Dragonboat Log Replication代码实现结构
![Dragonboat log replication](/Users/tanghangyun/Documents/Dragonboat log replication.png)
Dragonboat中的网络接口调用主要在node.go文件中实现, 作者提供了对网络接口的抽象, 可以自由实现底层的网络交互方法. 本次讨论仅涉及对这些网络接口的代用逻辑, 也就是工作流的讲解, 不涉及网络协议底层实现的逻辑讨论. 作者在protobuf中定义了msg.Tpye, 并通过路由函数将不同Type的msg路由到不同的Handler函数进行处理.
msg Type 及其路由处理函数解读
先介绍根据msg.Type 进行路由的路由函数
路由函数 initializeHandlerMap
func (r *raft) Handle(m pb.Message) {
if !r.onMessageTermNotMatched(m) {
r.doubleCheckTermMatched(m.Term)
r.handle(r, m)
} ...
}
func (r *raft) initializeHandlerMap() {
// candidate
...
// follower
r.handlers[follower][pb.Propose] = r.handleFollowerPropose
r.handlers[follower][pb.Replicate] = r.handleFollowerReplicate
r.handlers[follower][pb.Heartbeat] = r.handleFollowerHeartbeat
r.handlers[follower][pb.ReadIndex] = r.handleFollowerReadIndex
r.handlers[follower][pb.LeaderTransfer] = r.handleFollowerLeaderTransfer
r.handlers[follower][pb.ReadIndexResp] = r.handleFollowerReadIndexResp
r.handlers[follower][pb.InstallSnapshot] = r.handleFollowerInstallSnapshot
r.handlers[follower][pb.Election] = r.handleNodeElection
r.handlers[follower][pb.RequestVote] = r.handleNodeRequestVote
r.handlers[follower][pb.TimeoutNow] = r.handleFollowerTimeoutNow
r.handlers[follower][pb.ConfigChangeEvent] = r.handleNodeConfigChange
r.handlers[follower][pb.LocalTick] = r.handleLocalTick
r.handlers[follower][pb.SnapshotReceived] = r.handleRestoreRemote
// leader
r.handlers[leader][pb.LeaderHeartbeat] = r.handleLeaderHeartbeat
r.handlers[leader][pb.CheckQuorum] = r.handleLeaderCheckQuorum
r.handlers[leader][pb.Propose] = r.handleLeaderPropose
r.handlers[leader][pb.ReadIndex] = r.handleLeaderReadIndex
r.handlers[leader][pb.ReplicateResp] = lw(r, r.handleLeaderReplicateResp)
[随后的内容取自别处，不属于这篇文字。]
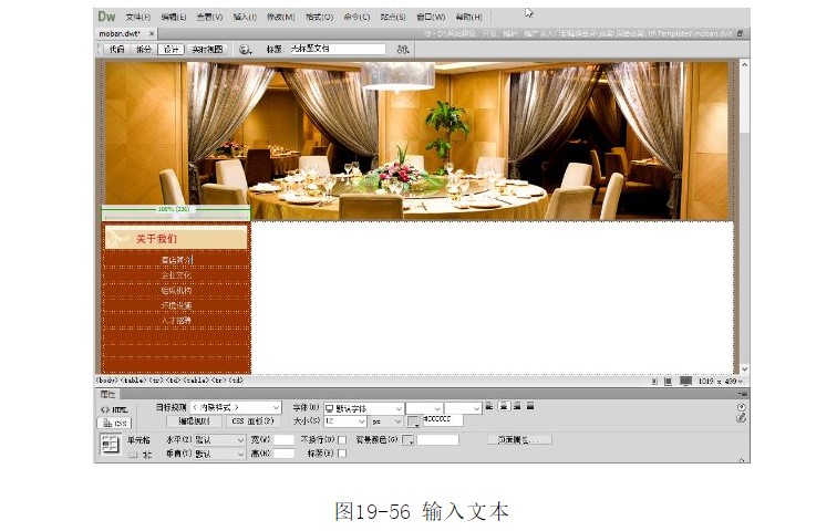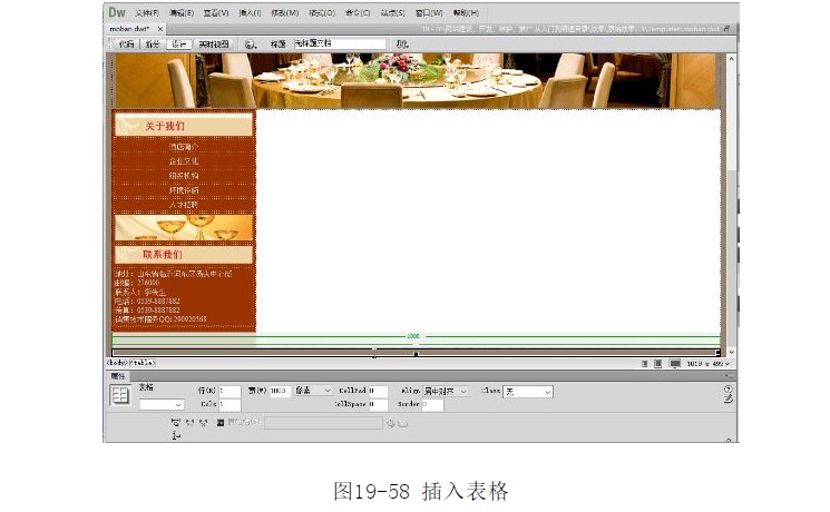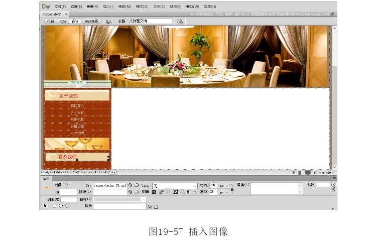 ?在第7~8行單元格中分別插入相應(yīng)的圖像文件“l(fā)eft_01.jpg”和“index_03.gif”,如圖19-57所示。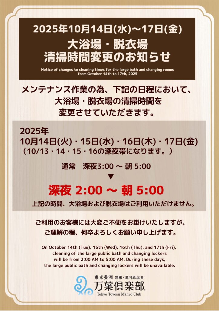 上記の時間、大浴場および脱衣場はご利用いただけません。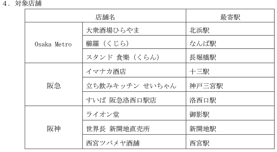 大阪市高速電気軌道(Osaka Metro)と阪急電鉄、阪神電気鉄道の3社は、2019年5月27日(月)から7月12日(金)まで、各沿線の立ち飲み居酒屋を巡っていただく共同企画を実施いたします。この企画は、おすすめのお店をご紹介したパンフレット「立ち飲みBOOK 2019」を駅で配布し、掲載店舗を訪問のうえ、ご応募いただくと抽選で素敵な賞品をプレゼントいたします。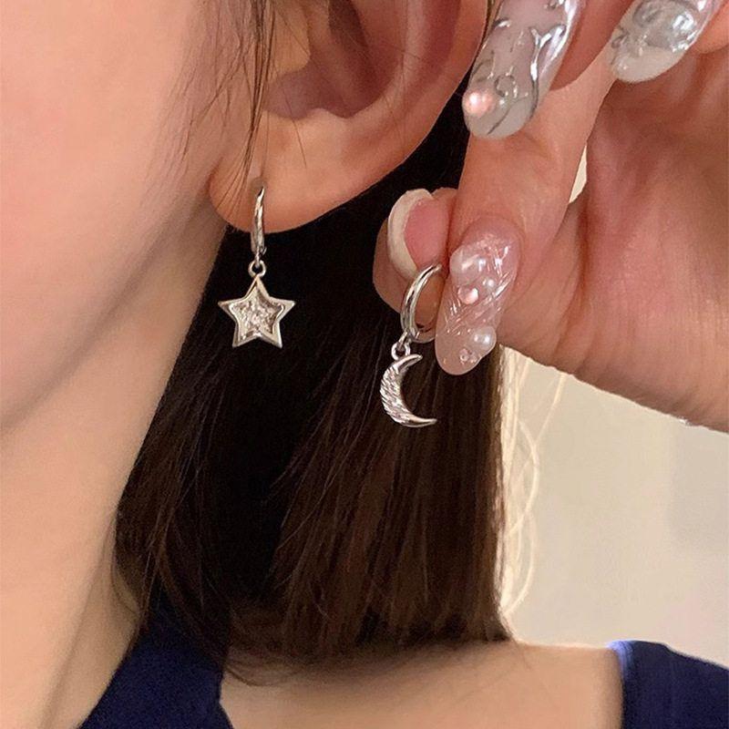 Ins Cold Wind Asymmetric Star and Moon Stud Earrings Niche Temperament Versatile Senior Sense Ear Buckle Earrings Female Ambience Back To School

r.handlers[leader][pb.HeartbeatResp] = lw(r, r.handleLeaderHeartbeatResp)
r.handlers[leader][pb.SnapshotStatus] = lw(r, r.handleLeaderSnapshotStatus)
r.handlers[leader][pb.Unreachable] = lw(r, r.handleLeaderUnreachable)
r.handlers[leader][pb.LeaderTransfer] = r.handleLeaderTransfer
r.handlers[leader][pb.Election] = r.handleNodeElection
r.handlers[leader][pb.RequestVote] = r.handleNodeRequestVote
r.handlers[leader][pb.ConfigChangeEvent] = r.handleNodeConfigChange
r.handlers[leader][pb.LocalTick] = r.handleLocalTick
r.handlers[leader][pb.SnapshotReceived] = r.handleRestoreRemote
r.handlers[leader][pb.RateLimit] = r.handleLeaderRateLimit
// observer
...
// witness
...
}
重点需要关注的函数是 r.handlers[follower][pb.Propose] = r.handleFollowerPropose
, r.handlers[follower][pb.Replicate] = r.handleFollowerReplicate
, r.handlers[leader][pb.Propose] = r.handleLeaderPropose
, r.handlers[leader][pb.ReplicateResp] = lw(r, r.handleLeaderReplicateResp)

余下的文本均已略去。